TASK - Taking the data below, please print only the lines from the line holding "Obr. 12. Polyvalentní kontaktní senzibilizace" to the line holding "Karl Heigel, Babylonischer", inclusive, with pictures omitted.

INPUT FOR THIS TASK -
****************

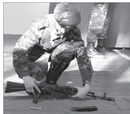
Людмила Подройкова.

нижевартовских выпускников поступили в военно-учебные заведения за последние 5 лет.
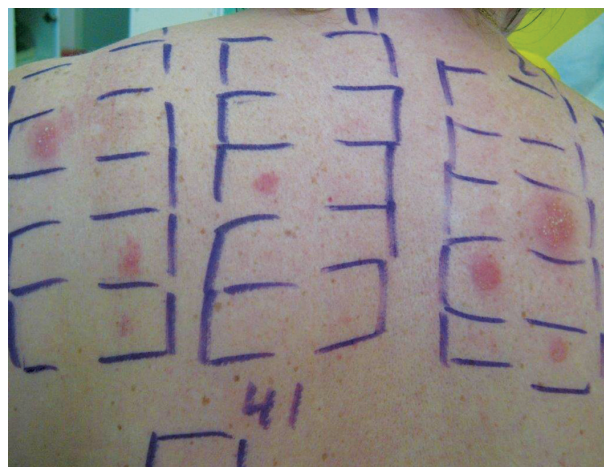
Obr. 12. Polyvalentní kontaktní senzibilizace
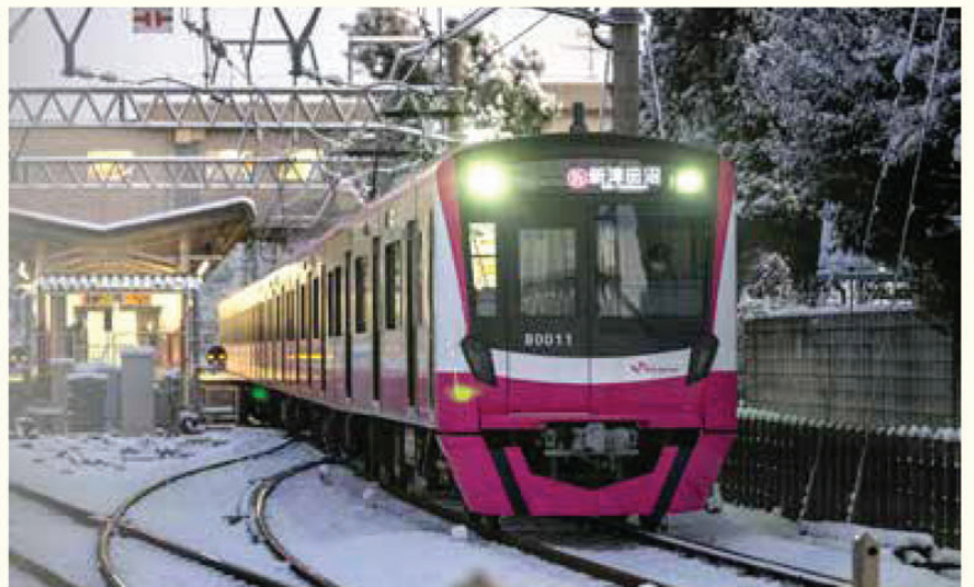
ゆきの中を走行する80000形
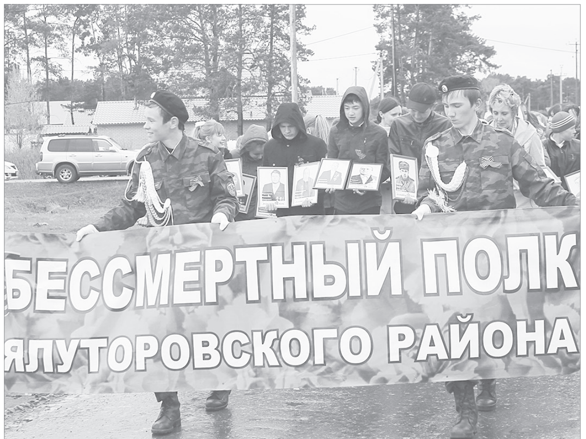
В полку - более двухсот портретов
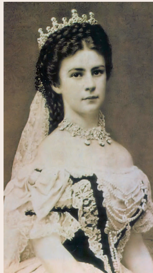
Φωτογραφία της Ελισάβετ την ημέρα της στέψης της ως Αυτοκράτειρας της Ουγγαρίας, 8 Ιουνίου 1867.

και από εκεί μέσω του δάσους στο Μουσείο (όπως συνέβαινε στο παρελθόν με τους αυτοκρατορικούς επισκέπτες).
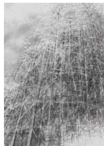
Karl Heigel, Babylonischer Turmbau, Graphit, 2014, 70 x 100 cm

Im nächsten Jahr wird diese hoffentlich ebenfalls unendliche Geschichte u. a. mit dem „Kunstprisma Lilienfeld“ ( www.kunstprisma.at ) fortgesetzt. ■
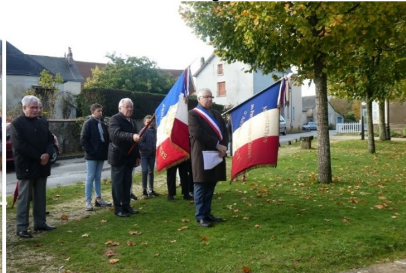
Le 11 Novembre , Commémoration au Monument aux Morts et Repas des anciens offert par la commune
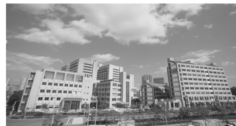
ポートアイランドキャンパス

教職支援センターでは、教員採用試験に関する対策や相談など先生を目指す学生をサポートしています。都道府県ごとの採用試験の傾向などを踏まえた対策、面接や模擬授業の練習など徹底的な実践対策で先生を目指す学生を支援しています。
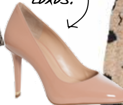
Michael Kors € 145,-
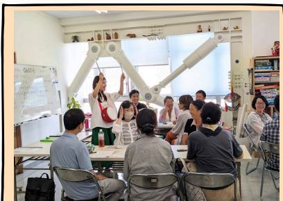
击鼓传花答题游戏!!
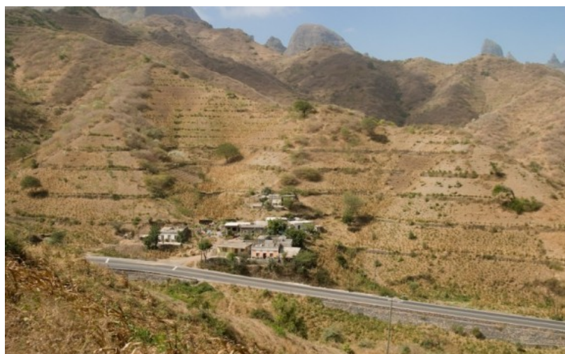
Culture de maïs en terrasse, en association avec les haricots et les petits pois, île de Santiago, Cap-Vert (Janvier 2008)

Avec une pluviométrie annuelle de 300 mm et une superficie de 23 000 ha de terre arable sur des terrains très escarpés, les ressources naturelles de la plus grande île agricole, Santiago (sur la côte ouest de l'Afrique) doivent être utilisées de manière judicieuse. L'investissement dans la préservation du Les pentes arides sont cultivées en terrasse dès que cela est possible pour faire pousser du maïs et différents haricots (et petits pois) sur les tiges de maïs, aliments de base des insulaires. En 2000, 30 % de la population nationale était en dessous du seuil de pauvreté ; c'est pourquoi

****************

OUTPUT OF THE TASK -
Obr. 12. Polyvalentní kontaktní senzibilizace
ゆきの中を走行する80000形
В полку - более двухсот портретов
Φωτογραφία της Ελισάβετ την ημέρα της στέψης της ως Αυτοκράτειρας της Ουγγαρίας, 8 Ιουνίου 1867.

και από εκεί μέσω του δάσους στο Μουσείο (όπως συνέβαινε στο παρελθόν με τους αυτοκρατορικούς επισκέπτες).
Karl Heigel, Babylonischer Turmbau, Graphit, 2014, 70 x 100 cm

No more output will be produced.